Скрипели дряхлые рыдваны, ржали и фыркали возбужденные лошади, то и дело принимались плакать дети, но никто не ссорился, не пытался первым пролезть в ворота, не орал, брызгая слюной, на такого же разом лишившегося всего бедолагу. Все шло на удивление гладко, беженцев даже уговаривать не пришлось – люди с какой-то цыплячьей готовностью соглашались следовать за Проэмперадором. Куда сложней было превратить пусть и послушную, но толпу в подобие обоза. Экипажей не хватало, однако детей и пожилых, особенно женщин, как-то рассадили.
– Остальные – пешком, – как заведенные твердили сержанты, проходя по забитому людьми Нижнему парку. – Придерживайтесь за телеги… Все равно поползем не быстрее пеших. Придерживайтесь… пешком… придерживайтесь…
Натруженные сиплые голоса то перекрывали шум воды, то затихали, и тогда говорил, прощался, плакал источник. Уже стемнело, пришлось заняться факелами, потом кто-то умер, и Левий ушел туда, а Робер собрал оставшихся офицеров, чтобы утрясти порядок следования, и это оказалось непросто.

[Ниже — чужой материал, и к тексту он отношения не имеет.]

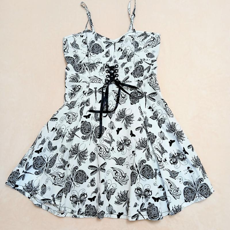 Летний сарафан с бабочками. Имеет корсетные завязочки на талии и широкую резинку на спине. Застегивается на замочек сбоку. Состав 100% хлопок Размер L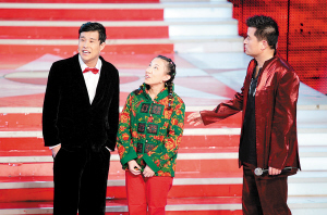 一番插科打諢后,小沈陽(yáng)和毛毛的“不差錢”組合,開始與星光大道的其他選手進(jìn)行較量,看誰(shuí)能最終演唱《三槍拍案驚奇》的主題歌。而這一期的嘉賓評(píng)委則是“三槍”劇組的主創(chuàng)人員。誰(shuí)知前幾輪亮分時(shí),“不差錢”組合根本沒(méi)占上風(fēng)。眼看唱主題歌的事要黃了,小沈陽(yáng)和毛毛終于使出最后的殺手锏,請(qǐng)出自己的“舅姥爺”,這“舅姥爺”不是別人,正是導(dǎo)演張藝謀。
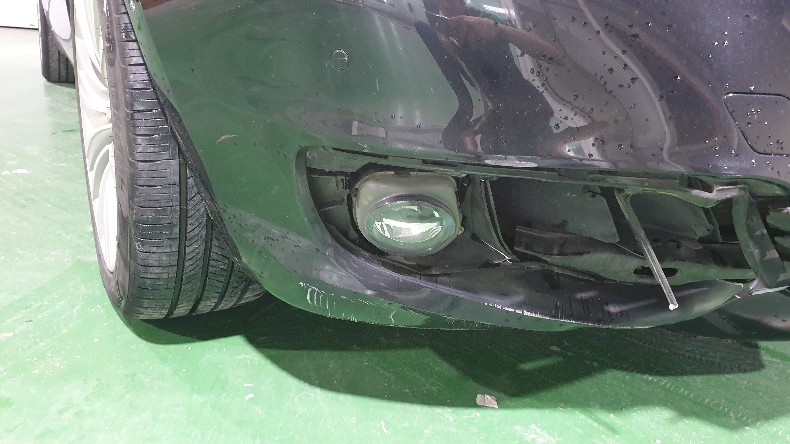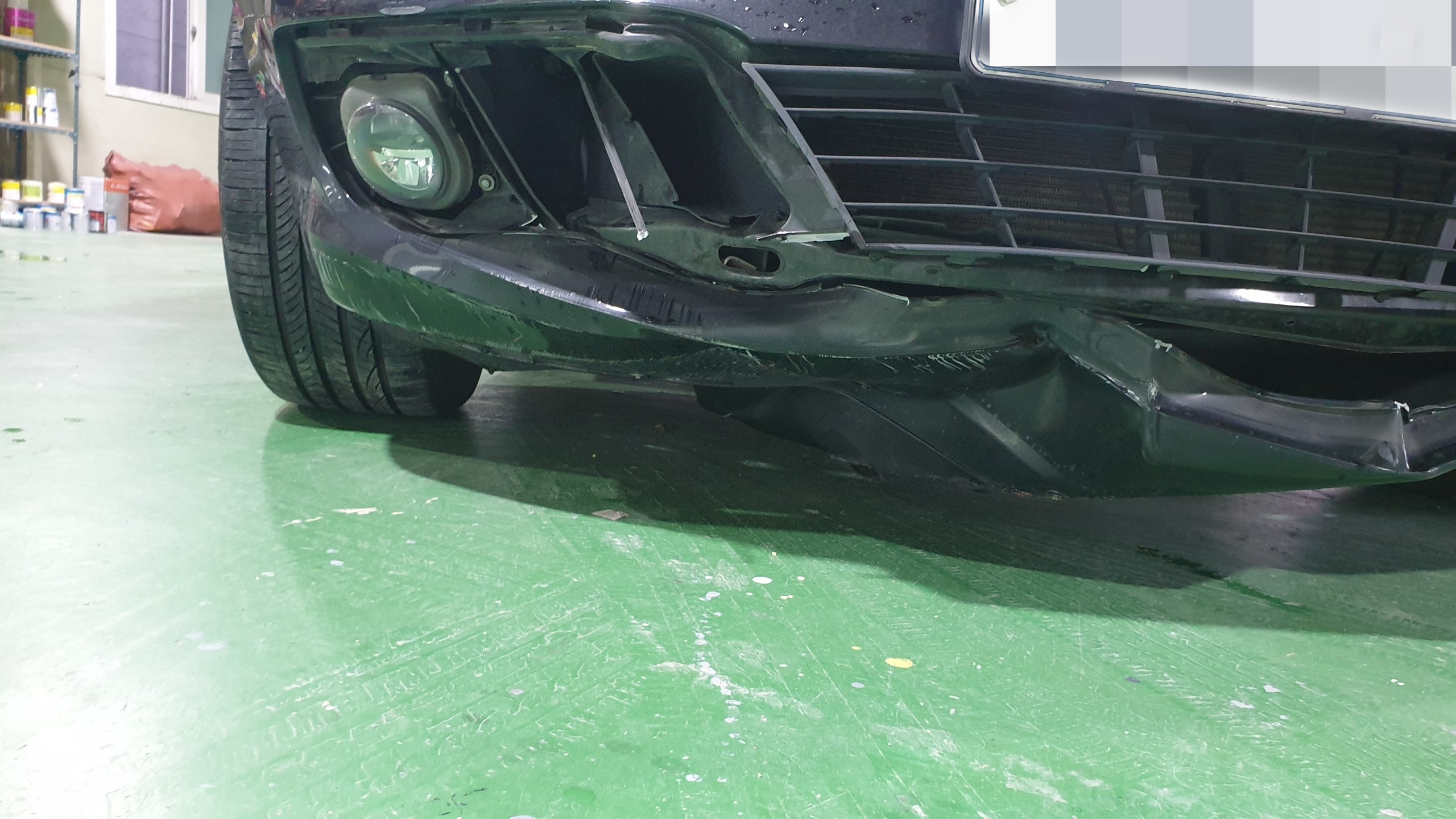 그 결과 범퍼 하단이 심하게 밀리면서 범퍼가 찢어지고 안개등 커버는 날아가고 그로 인해 조수석 쪽 앞 휀다도 약간의 대미지를 입게 되었습니다.

Наконец, ближе к полуночи, отбив еще пару нападений каких-то шаек, разномастный обоз под прикрытием не менее разномастного конвоя пополз прочь из парка.
В авангарде шли надежные, родные, бесценные южане и приданные им в помощь люди Грейнджа. Дювье за время пребывания в столице неплохо ее изучил, но бывший таможенник всяко разбирался в паутине улиц и улочек лучше. Вдоль колонны вытянулись церковники и кавалеристы покойного Халлорана, немногочисленных мушкетеров кучками рассадили по повозкам, хотя куда сейчас стрелять – ночь давно накрыла Олларию набитой страхом периной.

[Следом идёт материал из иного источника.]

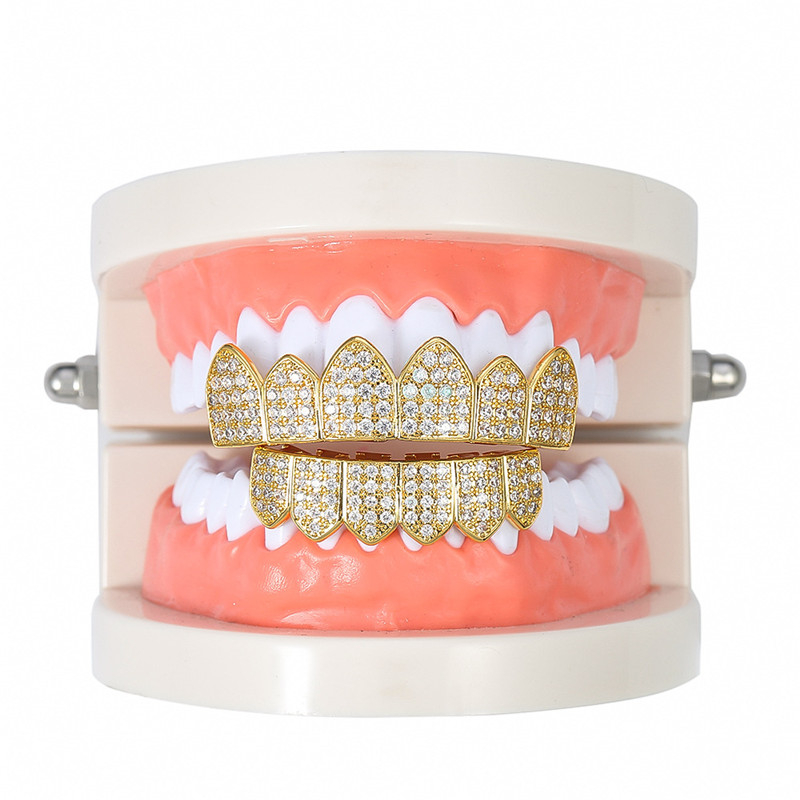 Set de doua fatete pentru dinti, superior si inferior, model Grillz Hip Hop, Iced Out, pietre zirconiu, placate cu aur 18K, auriu, Tessero
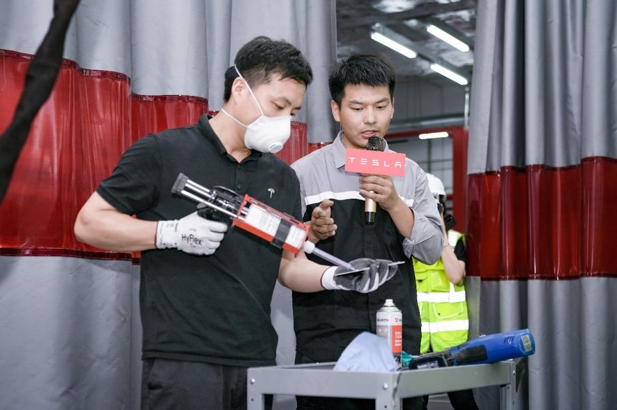 (图为安徽首家特斯拉直营钣喷中心钣金车间体验讲解)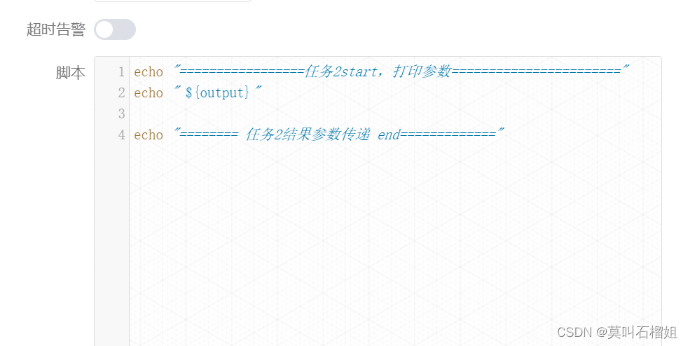 但是上述的例子也是仅仅key后面跟的常量参数,事实上我们需求往往都是需要动态传参数的,上述的shell的这种静态传递参数给下游其实是没有意义的,因为如果是静态的,我们为什么不选择in中输入参数呢?如下图所示: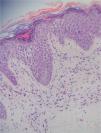 Ante la evidente progresión cutánea de la enfermedad, iniciamos un tratamiento con bexaroteno oral (TARGRETIN®) a principios del año 2003. Su tolerancia fue buena, y la respuesta clínica fue espectacular, presentando únicamente lesiones hipopigmentadas residuales, no infiltradas, que han permanecido estables, por lo cual, consideramos que la paciente se encuentra en remisión completa hasta el momento actual con 42 meses de seguimiento (fig. 6).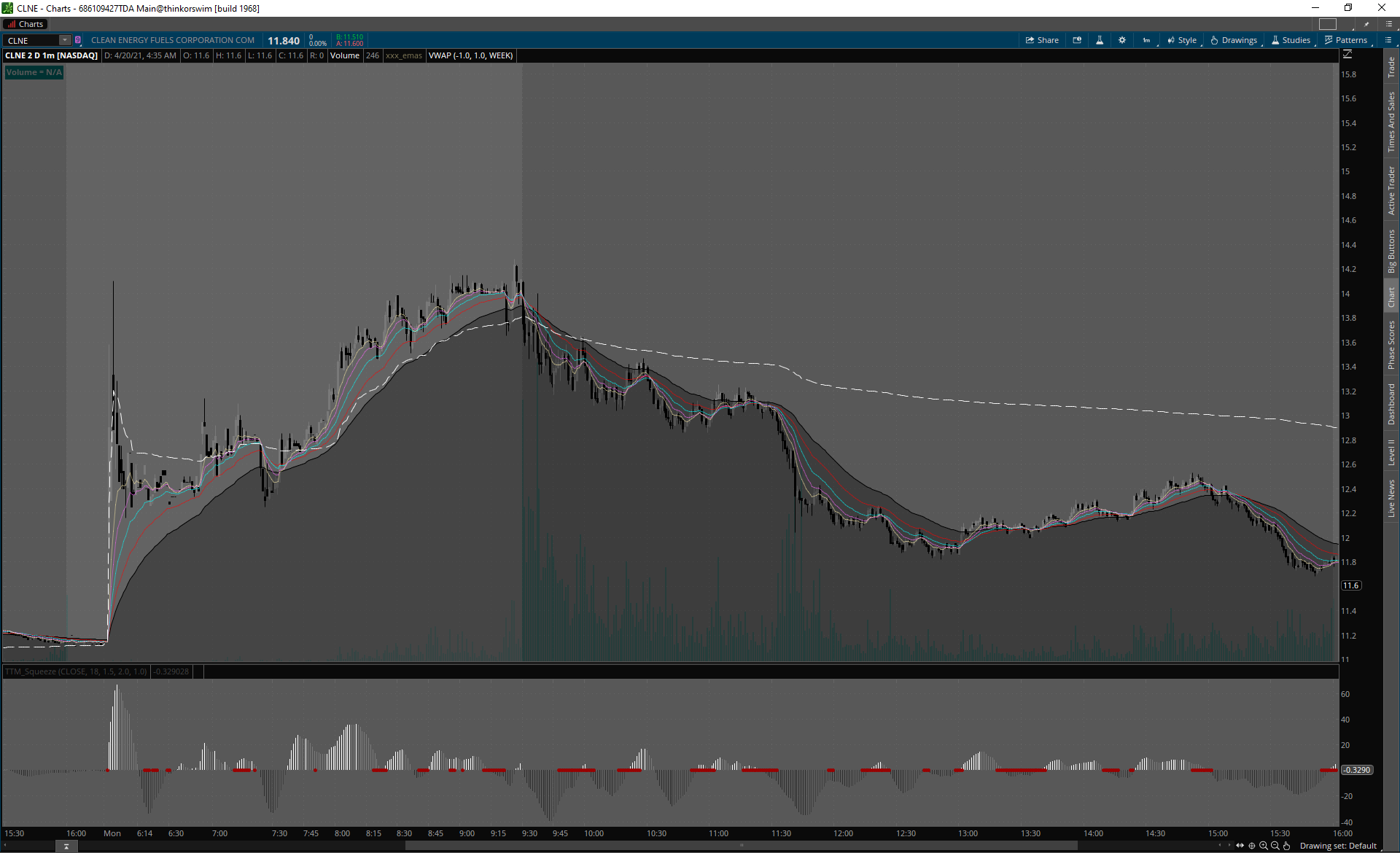 CLNE typical, gap up, push do openu, výplach a all day fade.

Робер стоял у водопада и смотрел, как мимо удручающе медленно бредут люди с узлами. Дювье уже сворачивал с Родниковой, а последние беженцы лишь тянулись к парковым воротам. Прикрывать «хвост» досталось алатам, они не спорили.
– Сейчас идти сзади не позор, – сказал Карои. – Враг может появиться отовсюду.
– Враг… – повторил Эпинэ, глядя на посла. – Как он получился, этот «враг»? Все было почти хорошо…
– С Изломом породниться – с четырьмя смертями биться, – утешил земляк Матильды. – Вы будете прощаться?
– С кем? – удивился Эпинэ и в тысячный раз понял, что он дурак, причем неблагодарный. Ему раз за разом дарили покой и надежду, он их пил, будто воду, и ничего не понимал. – Простите, я сейчас…
Спуститься к водопаду, подставить лицо мелким брызгам, попросить прощения. Запомнить, как дрожат созвездия в ставшем вторым небом озере. Просто запомнить. Тростники над сонной водою, ты уносишь их сны с собою, плач и стоны да станут песней, ночь умрет, но утро воскреснет; ночь уйдет и проснутся зори, обернутся слезы росою, верь дороге и верь рассвету, ведь еще не кончилось лето…
– Монсеньор, – хрипло взвыли наверху, у скамьи, – его высокопреосвященство в середине колонны! Он вас ждет!
– Иду.
Когда умрет последний из тех, кому Старый парк сегодня дал покой, вода по-прежнему будет падать вниз и петь свои песни, так почему уход кажется предательством, словно ты вновь бросаешь мать? Источник плачет не о тебе и не о себе, он не может иначе, как не могут не шуршать тростники. Это просто натура, как сказал бы какой-нибудь философ, она вечна, она равнодушна и уж точно не боится остаться без тебя. Ты нужен беженцам, а не водопаду!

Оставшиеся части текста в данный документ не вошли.